[Task instructions] Print the data exactly as written, line for line, and leave its pictures behind.

[Data provided]
╭──

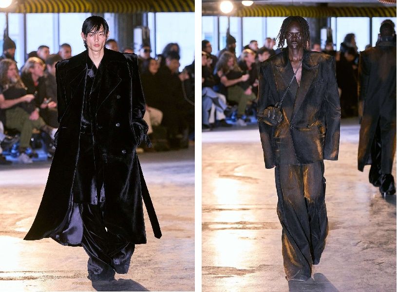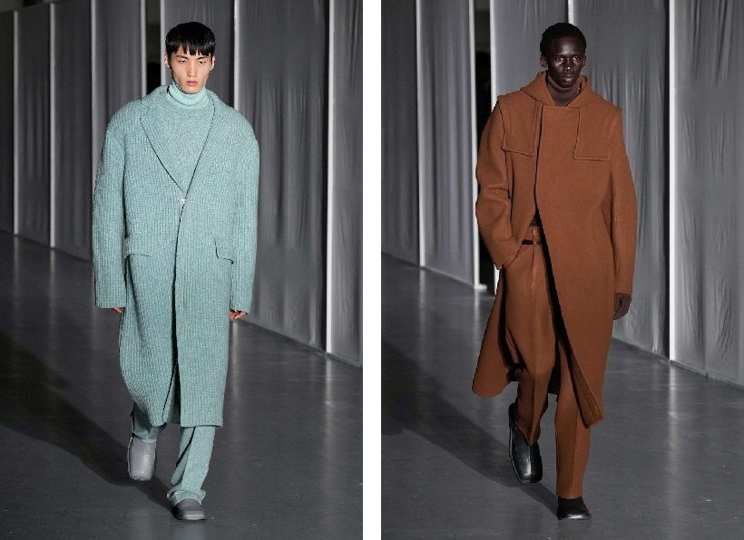 Lunghi cappotti, maglioni a collo alto e pantaloni in verde tenue – rigorosamente ton sur ton -   sono realizzati in lana a coste larghe per risultare caldi e morbidi, come “silhouette che scompaiono nella nebbia” definite così da lui stesso.
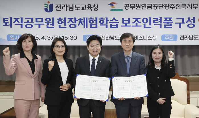 협약에 따라 공무원연금공단 광주전북지부는 현장체험학습 보조인력풀을 구성해 제공하고, 전라남도교육청은 이를 학교에 안내할 예정이다.
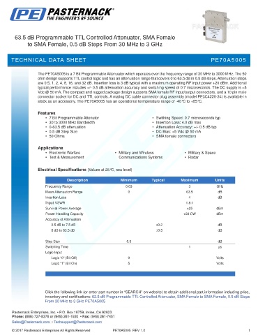 The PE70A5005 is a 7 Bit Programmable Attenuator which operates over the frequency range of 30 MHz to 3000 MHz. The 50

╰──

[Reply to the task]
 Lunghi cappotti, maglioni a collo alto e pantaloni in verde tenue – rigorosamente ton sur ton -   sono realizzati in lana a coste larghe per risultare caldi e morbidi, come “silhouette che scompaiono nella nebbia” definite così da lui stesso.
 협약에 따라 공무원연금공단 광주전북지부는 현장체험학습 보조인력풀을 구성해 제공하고, 전라남도교육청은 이를 학교에 안내할 예정이다.
 The PE70A5005 is a 7 Bit Programmable Attenuator which operates over the frequency range of 30 MHz to 3000 MHz. The 50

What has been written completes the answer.